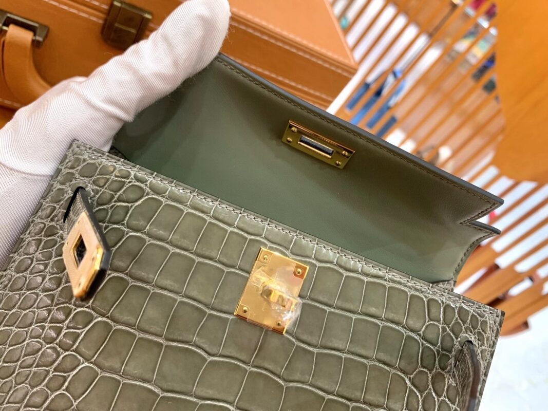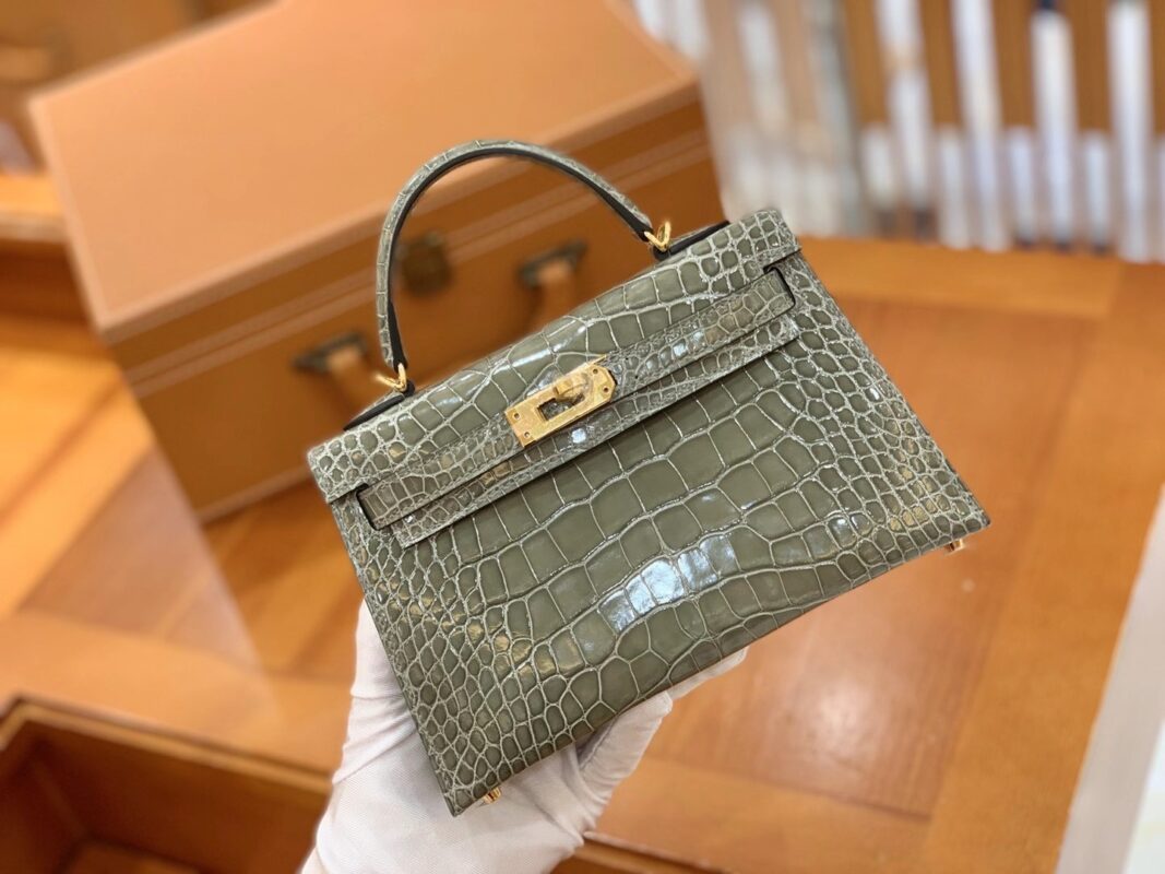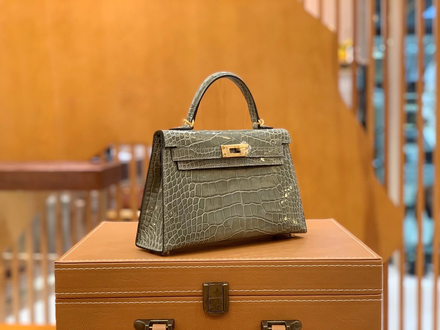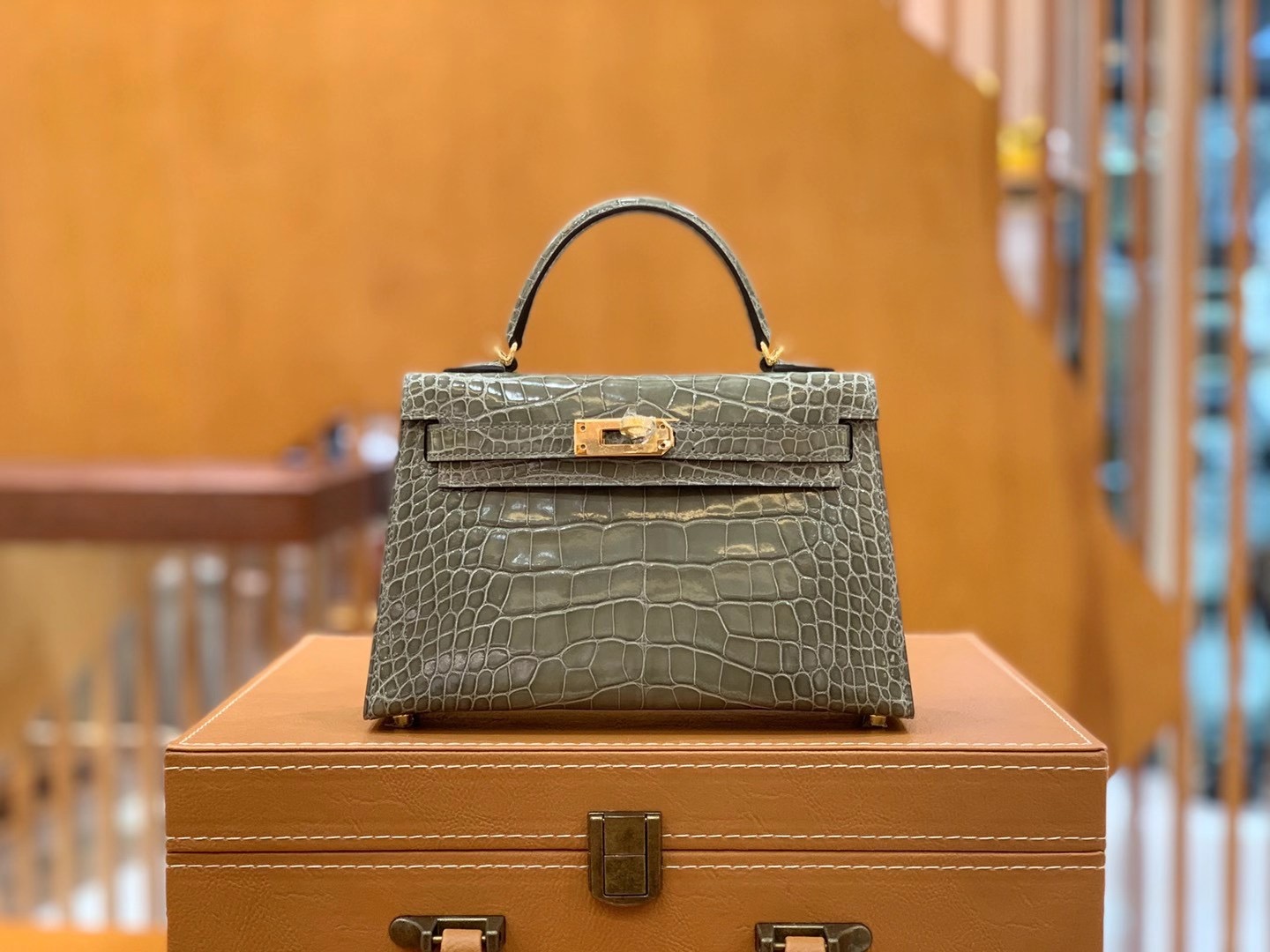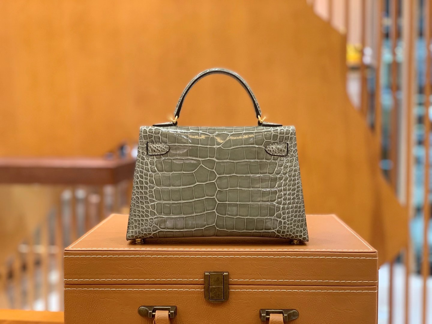 Mini Kelly II 19cm Turtle Dove Grey Imported first-class American crocodile. Fully hand-sewn
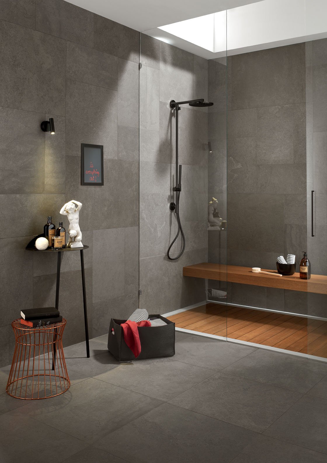Душевая комната серый керамогранит
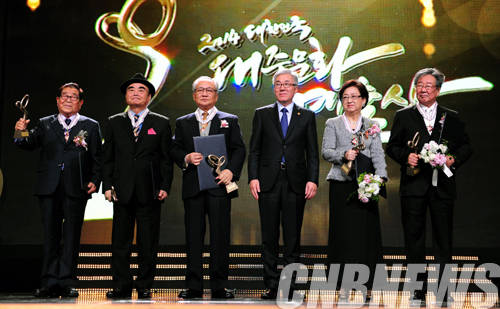 ▲17일 서울 대학로 홍대 아트센터에서 한국 대중문화예술 발전과 한류 확산에 기여한 자들에게 수여되는 ‘2014 대한민국 대중문화예술상’ 시상식이 열렸다. 이날 김종덕 문화체육관광부 장관이 문화훈장 수훈을 마친 뒤에 기념촬영을 하고 있다. 왼쪽부터 코미디언 송해, 가수 명국환, 성우 김수일, 김종덕 문화체육관광부 장관, 방송작가 박정란, 배우 최불암 .(사진=문화체육관광부)
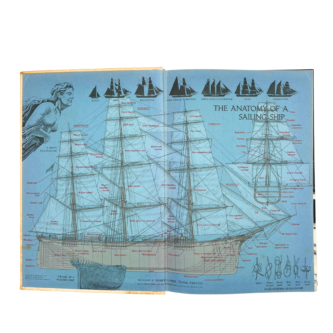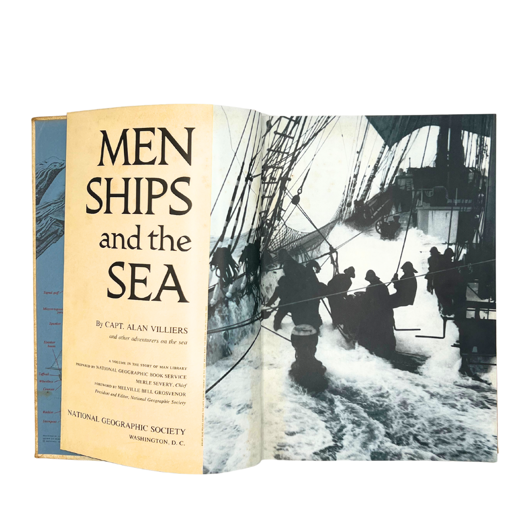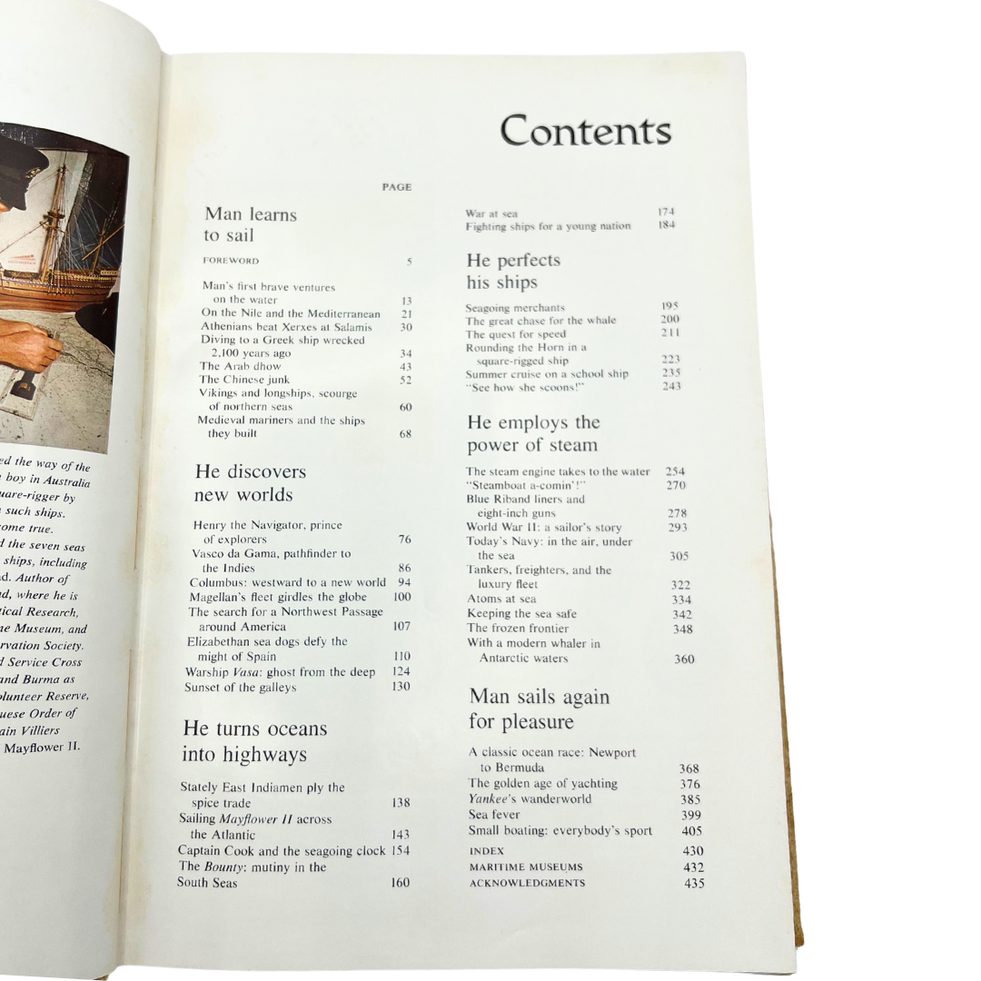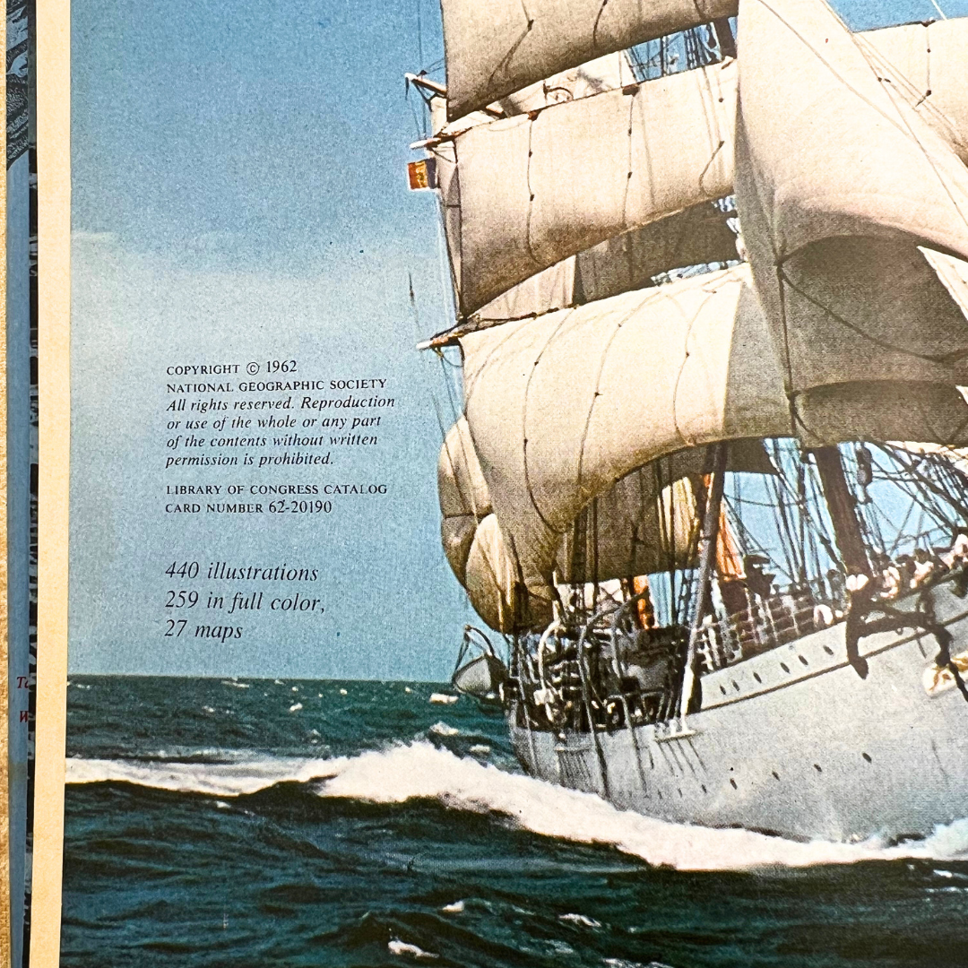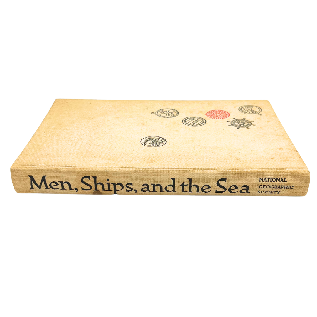 Men Ships and the Sea by National Geographic. Published in 1962. Nicely weathered with some discoloration on the fabric cover (no jacket) but interior pages in good condition. Interesting history of man's relationship with ships. Measures 11.25" x 7.75".

■ **TASK DETAILS**:
Transcribe the material exactly, leaving every picture out.

■ **EXERCISE ANSWER**:
 Mini Kelly II 19cm Turtle Dove Grey Imported first-class American crocodile. Fully hand-sewn
Душевая комната серый керамогранит
 ▲17일 서울 대학로 홍대 아트센터에서 한국 대중문화예술 발전과 한류 확산에 기여한 자들에게 수여되는 ‘2014 대한민국 대중문화예술상’ 시상식이 열렸다. 이날 김종덕 문화체육관광부 장관이 문화훈장 수훈을 마친 뒤에 기념촬영을 하고 있다. 왼쪽부터 코미디언 송해, 가수 명국환, 성우 김수일, 김종덕 문화체육관광부 장관, 방송작가 박정란, 배우 최불암 .(사진=문화체육관광부)
 Men Ships and the Sea by National Geographic. Published in 1962. Nicely weathered with some discoloration on the fabric cover (no jacket) but interior pages in good condition. Interesting history of man's relationship with ships. Measures 11.25" x 7.75".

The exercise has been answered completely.